§ DIRECTIONS: From the entries below, transcribe exactly the lines between the line holding "Easy To InstallCut" and the line holding "PawHut Cat Tree", inclusive; skip all other lines.

[EXCERPTED RECORDS — start]

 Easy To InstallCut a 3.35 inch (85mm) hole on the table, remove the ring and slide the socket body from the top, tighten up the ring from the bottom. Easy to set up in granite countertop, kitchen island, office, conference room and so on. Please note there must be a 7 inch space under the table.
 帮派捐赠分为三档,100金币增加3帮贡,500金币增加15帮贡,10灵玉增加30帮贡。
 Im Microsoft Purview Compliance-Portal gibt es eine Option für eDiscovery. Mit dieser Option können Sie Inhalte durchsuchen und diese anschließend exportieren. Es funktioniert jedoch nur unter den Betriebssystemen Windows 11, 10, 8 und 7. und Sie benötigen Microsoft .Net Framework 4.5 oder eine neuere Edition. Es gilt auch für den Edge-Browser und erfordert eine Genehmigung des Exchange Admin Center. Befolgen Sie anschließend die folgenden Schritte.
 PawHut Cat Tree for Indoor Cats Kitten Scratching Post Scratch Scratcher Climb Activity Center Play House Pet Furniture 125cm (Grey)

[EXCERPTED RECORDS — finish]
[EXCERPTED RECORDS — start]

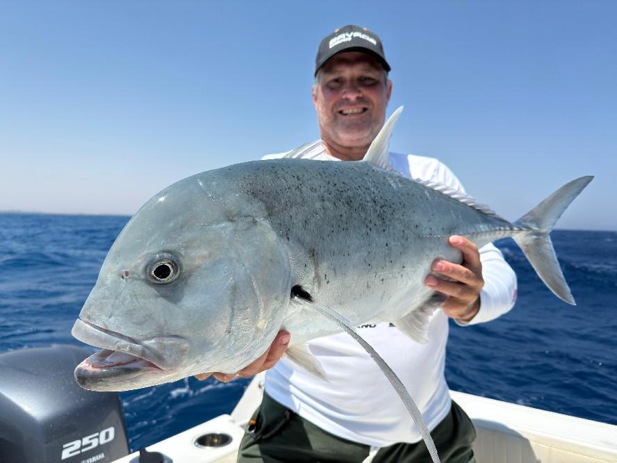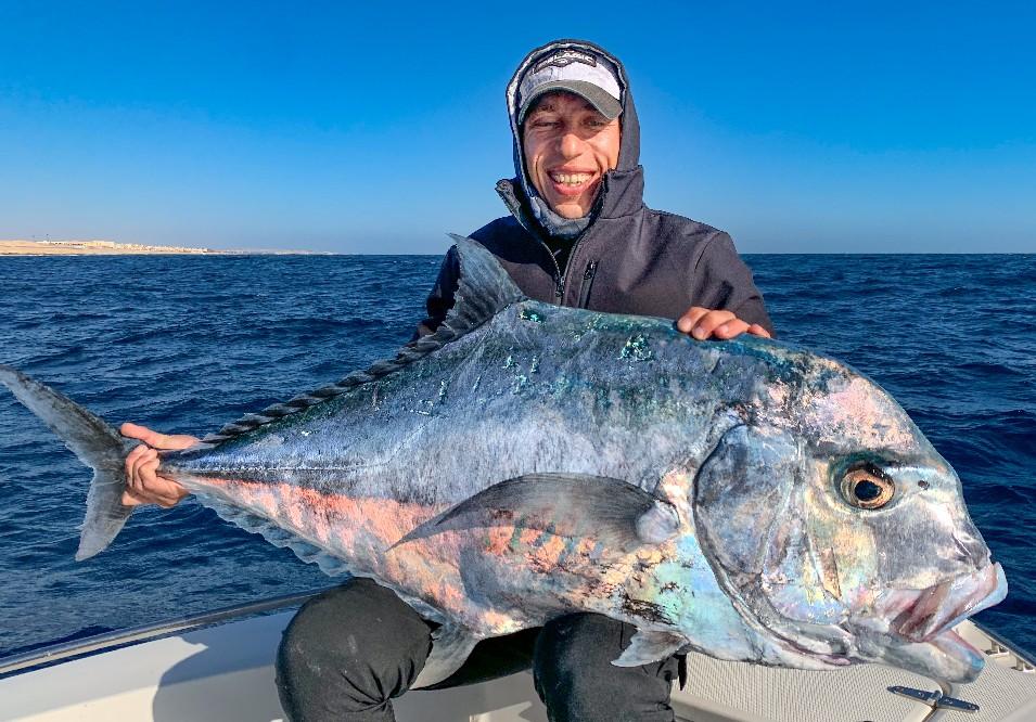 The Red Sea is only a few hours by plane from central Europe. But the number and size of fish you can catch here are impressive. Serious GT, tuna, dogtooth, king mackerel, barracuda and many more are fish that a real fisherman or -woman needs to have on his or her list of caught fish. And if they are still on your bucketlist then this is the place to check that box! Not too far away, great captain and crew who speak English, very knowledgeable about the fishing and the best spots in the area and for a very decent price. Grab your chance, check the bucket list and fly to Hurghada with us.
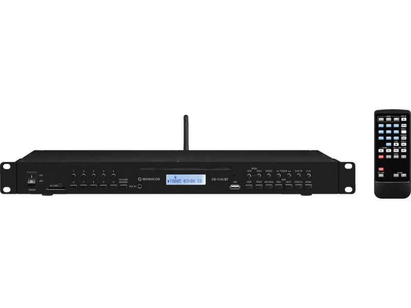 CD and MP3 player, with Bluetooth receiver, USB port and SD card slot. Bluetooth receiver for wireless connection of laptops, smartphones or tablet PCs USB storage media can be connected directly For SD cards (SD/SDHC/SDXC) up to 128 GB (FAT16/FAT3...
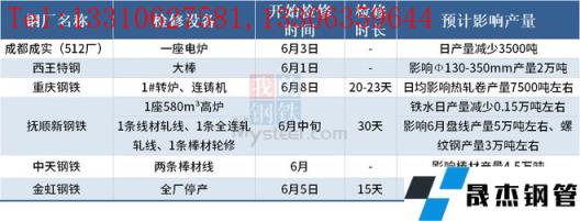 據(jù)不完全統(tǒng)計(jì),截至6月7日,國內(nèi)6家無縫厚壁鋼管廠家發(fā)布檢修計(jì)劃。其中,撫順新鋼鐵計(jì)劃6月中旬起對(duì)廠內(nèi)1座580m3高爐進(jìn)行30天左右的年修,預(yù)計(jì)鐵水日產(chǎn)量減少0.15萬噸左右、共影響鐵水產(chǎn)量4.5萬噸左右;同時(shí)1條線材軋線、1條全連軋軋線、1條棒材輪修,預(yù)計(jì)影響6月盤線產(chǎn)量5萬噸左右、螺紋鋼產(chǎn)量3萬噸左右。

[EXCERPTED RECORDS — finish]

§ REPLY TO THE TASK:
 Easy To InstallCut a 3.35 inch (85mm) hole on the table, remove the ring and slide the socket body from the top, tighten up the ring from the bottom. Easy to set up in granite countertop, kitchen island, office, conference room and so on. Please note there must be a 7 inch space under the table.
 帮派捐赠分为三档,100金币增加3帮贡,500金币增加15帮贡,10灵玉增加30帮贡。
 Im Microsoft Purview Compliance-Portal gibt es eine Option für eDiscovery. Mit dieser Option können Sie Inhalte durchsuchen und diese anschließend exportieren. Es funktioniert jedoch nur unter den Betriebssystemen Windows 11, 10, 8 und 7. und Sie benötigen Microsoft .Net Framework 4.5 oder eine neuere Edition. Es gilt auch für den Edge-Browser und erfordert eine Genehmigung des Exchange Admin Center. Befolgen Sie anschließend die folgenden Schritte.
 PawHut Cat Tree for Indoor Cats Kitten Scratching Post Scratch Scratcher Climb Activity Center Play House Pet Furniture 125cm (Grey)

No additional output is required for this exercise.